方茜兮是猶豫的,方家對她來說是一個噩夢的存在,她不敢去想的噩夢。
其實以前她也沒有這麽堅決,可是自從流年會所的事情之後她對方家也算是徹底死心了,為了兒子,不惜把她推到那種地方去,有想過她是死是活,她還能有什麽期望?
糾結了幾天之後,方茜兮想通了,回去吧,總是要過去的。
對於她的這個決定謝一煊自然是沒什麽意見,叫人在寧城那邊安排一下,帶著小星星,一家三口一起去一趟。
“茜兮呀,要是有什麽事情的話隨時打電話聯係,需要的話我和你爸過去看看”
章琳抱著小星星舍不得,她家的小星星呀就是這麽可愛。
和方茜兮單獨說了幾句話,方家的事情她也是清楚的,為人父母者能做出那些沒良心的事情來也是夠奇葩的。

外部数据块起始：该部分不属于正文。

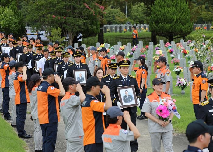 [한국기자연대] 서울시 소방재난본부는 8월 26일 국립대전현충원(소방공무원 묘역)에서 순직 소방공무원 6位(위)에 대한 합동 안장식을 거행했다고 밝혔다.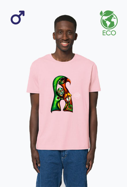 Męska koszulka z linii Eco Aware. Posiada wszywane rękawy, ściągacz na kołnierzyku oraz taśmę wzmacniającą na karku. Rękawy i dół z wąskim podwójnym ściegiem. Materiał: single jersey: 100% organiczna bawełna czesana ring spun. Gramatura 150 g/m². Posiada certyfikaty: GOTS (Global Organic Textile Standard), GRS, OCS, OEKO-TEX Standard 100, Fair Wear.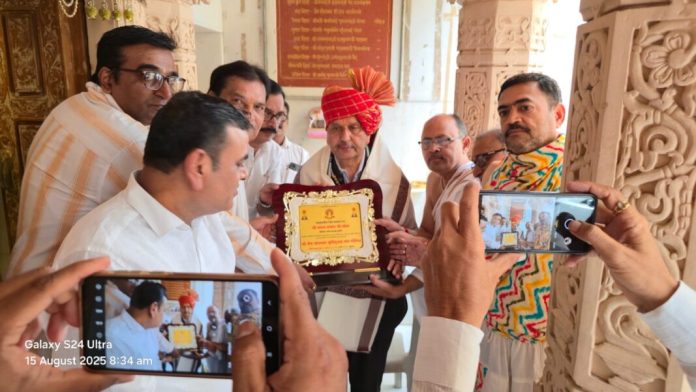 गोंदिया. महाराष्ट्र शासन में कौशल्य,उद्योजकता,नाविन्यता विभाग के मंत्री आदरणीय श्री मंगल प्रभात जी लोढा स्वतंत्रता दिवस पर आयोजित शासकीय समारोह में ध्वजारोहण हेतु गोंदिया पधारे, शासकीय कार्यक्रम में व्यस्तता के बावजूद भी स्वयं स्फुर्ति से श्री आदिनाथ जैन श्वेताम्बर मंदिर दर्शन हेतु पधारकर प्रभु व दादा गुरुदेव जी की प्रतिमा का दर्शन लाभ लिया, मंदिर के मनमोहक वास्तुशिल्प की उन्होंने खूब सराहना की, गोंदिया संघ के अध्यक्ष दिनेश बैद ने उन्हें गोंदिया शहर में जैन मंदिर के इतिहास व संघ द्वारा संचालित दादाबाड़ी, आराधना भवन, जैन कुशल भवन की जानकारी प्रदान की।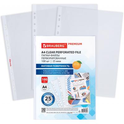 Папки-файлы перфорированные А4 BRAUBERG "PREMIUM", КОМПЛЕКТ 100 шт., матовые, 25 мкм, 273000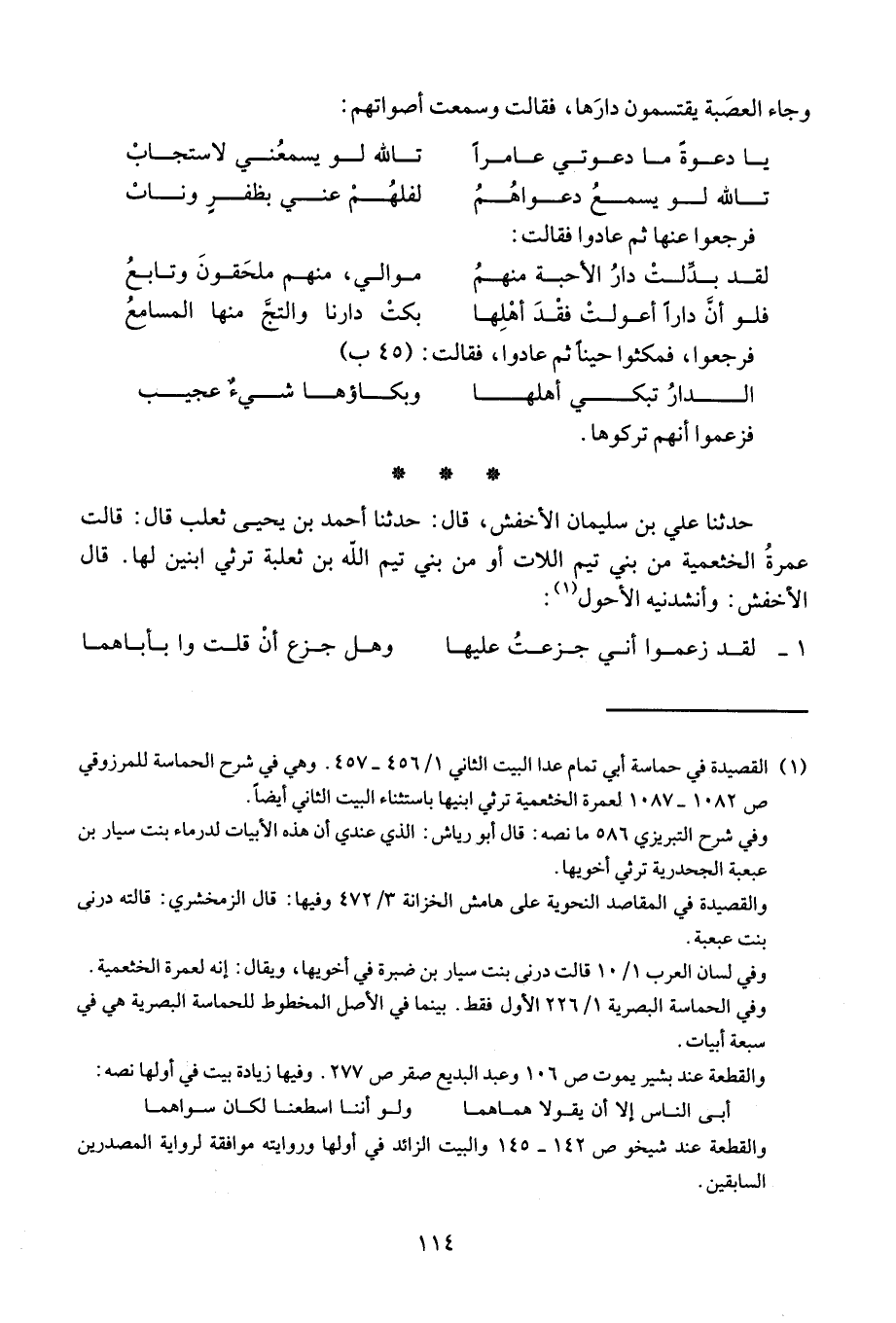حدثنا علي بن سليمان الأخفش، قال: حدثنا أحمد بن يحيى ثعلب قال: قالت عمرة الخثمعية من بني تيم اللات أو من بني تيم الله بن ثعلبة ترثي ابنين لها. قال الأخفش: وأنشدنيه الأحول: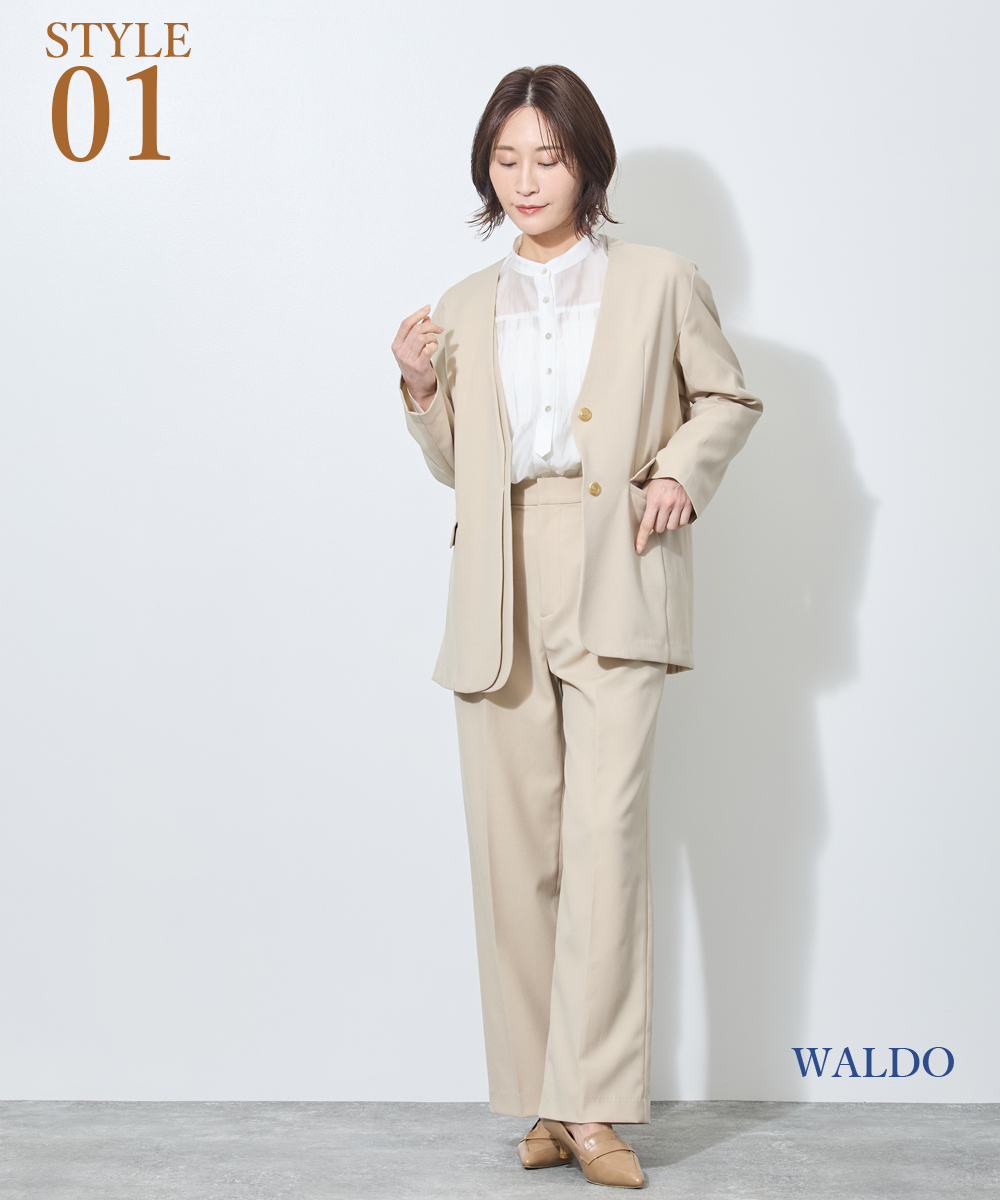 セットアップとしての完成度はもちろん、ダブルジャケットならではの単品使いでの存在感。手持ちのアイテムと組み合わせるだけで、春のコーディネートが軽やかに整います。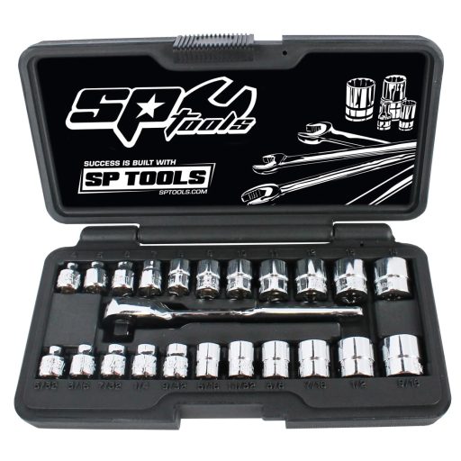 SP20121 | Dugókulcs készlet 1/4" 6 lap metrikus+Colos ALACSONY 23 db SP Tools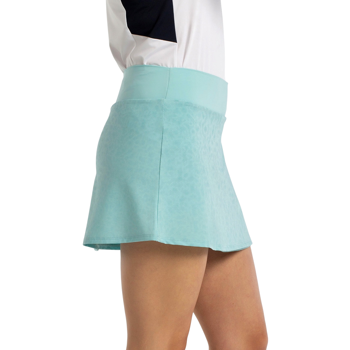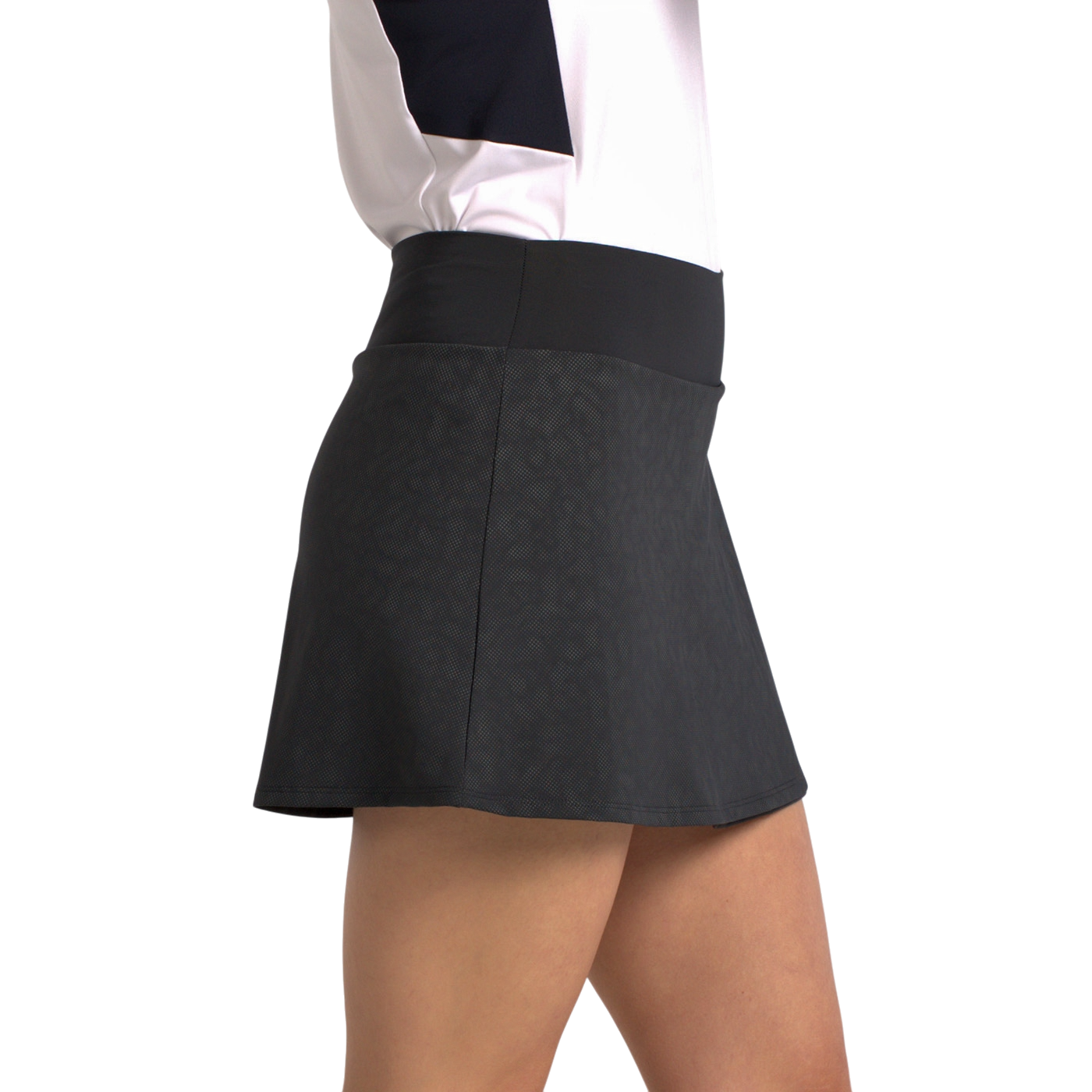 Falda en nylon estampada. Cuenta con malla interior a contraste y cinturilla alta que moldea la silueta. Fabricado con tejido de single jersey de nylon elástico. Al tejido bielástico se le aplica la tecnología Drylum. Es hidrófobo, transpirable, retiene poco líquido y seca con rapidez. Tejido ultraligero de microfilamentos de poliamida con elastán, que proporciona gran libertad de movimiento.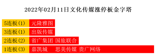 一共有7支个股涨停。其中,元隆雅图5连板;出版传媒3连板;省广集团、国旅联合2连板;嘉凯城、思美传媒、贵广网络1连板。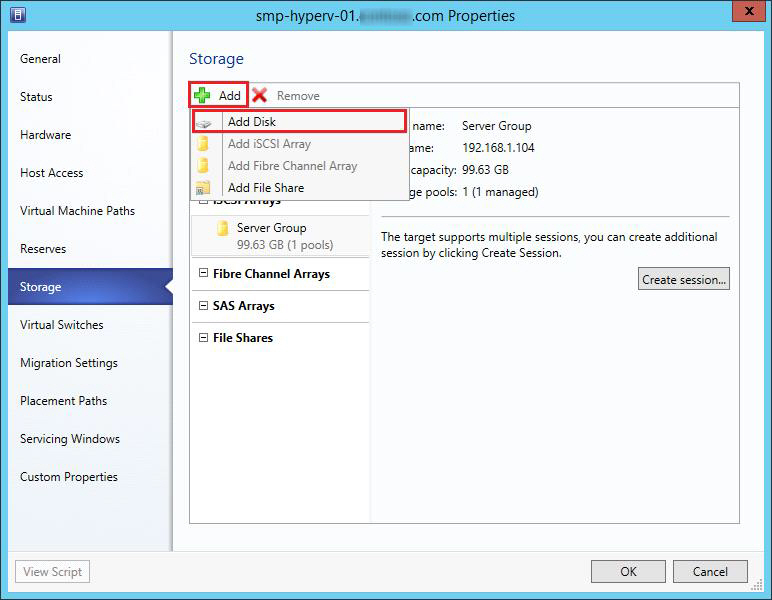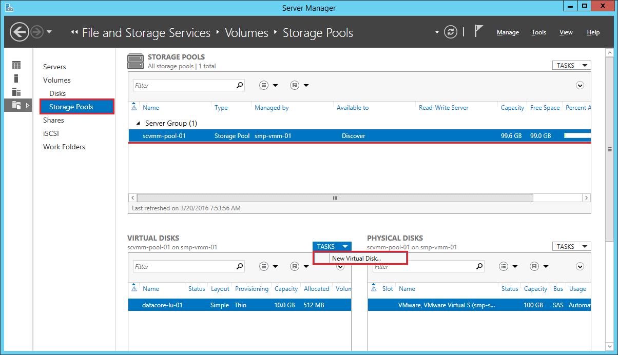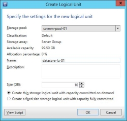• This topic contains brief instructions for provisioning DataCore SANsymphony storage in Microsoft System Center Virtual Machine Manager (SCVMM) and Windows File and Storage Services. Instructions are provided only to facilitate and expedite storage provisioning and are not intended to replace Microsoft Windows documentation. These instructions are applicable to System Center 2012 SP1. Refer to Microsoft Windows documentation for additional information or later versions of the software.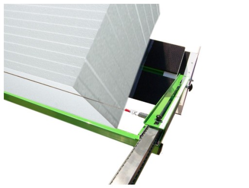 - Częścią tnącą stanowi rozgrzany drut oporowy zamontowany na konstrukcji aluminiowej spawanej zaletą tego elementu jest możliwość oddzielenia go od urządzenia i ciecia nietypowych elementów poza urządzeniem bądź prostowania ścian ( słupów ) styropianowych .

隻不過到底是方茜兮的親生父母,她也不好說什麽,好在茜兮是個心裏明白的,不然她還真的不敢保證自己會不會同意。
方家的事情亂七八糟,茜兮是他們謝家的人,以前她不管,但是現在要欺負茜兮,也得問問他們答不答應。
“謝謝媽”
方茜兮心中觸動,章琳這個婆婆對她真的是很好的,在謝家她感受到的是曾經不敢奢望的家庭溫暖。
“都是一家人,說什麽謝不謝的,你們照顧好自己,看好小星星就行了,一煊,照顧好茜兮和小星星”
章琳不厭其煩的囑咐兒子。
“放心吧”
謝則陵看著事無巨細的妻子,心裏已經在琢磨他們去哪裏旅遊才好,孩子們都這麽大了,還不許他們過個二人世界?
“爸媽,我先去台裏了”
送走了謝一煊他們,謝一婉也打算去上班了,赫赫有名的娛樂主持人,在台裏算的上是頂梁柱的一種存在。
“天天跑,也不見你帶個女婿回來,我要你有何用?”
章琳看著謝一婉就覺得頭疼,整天風風火火的,台麵和什麽成功人士,演員接觸的也不少,在什麽場合都可以遊刃有餘,就是在自己的婚姻大事上麵一點苗頭都沒有。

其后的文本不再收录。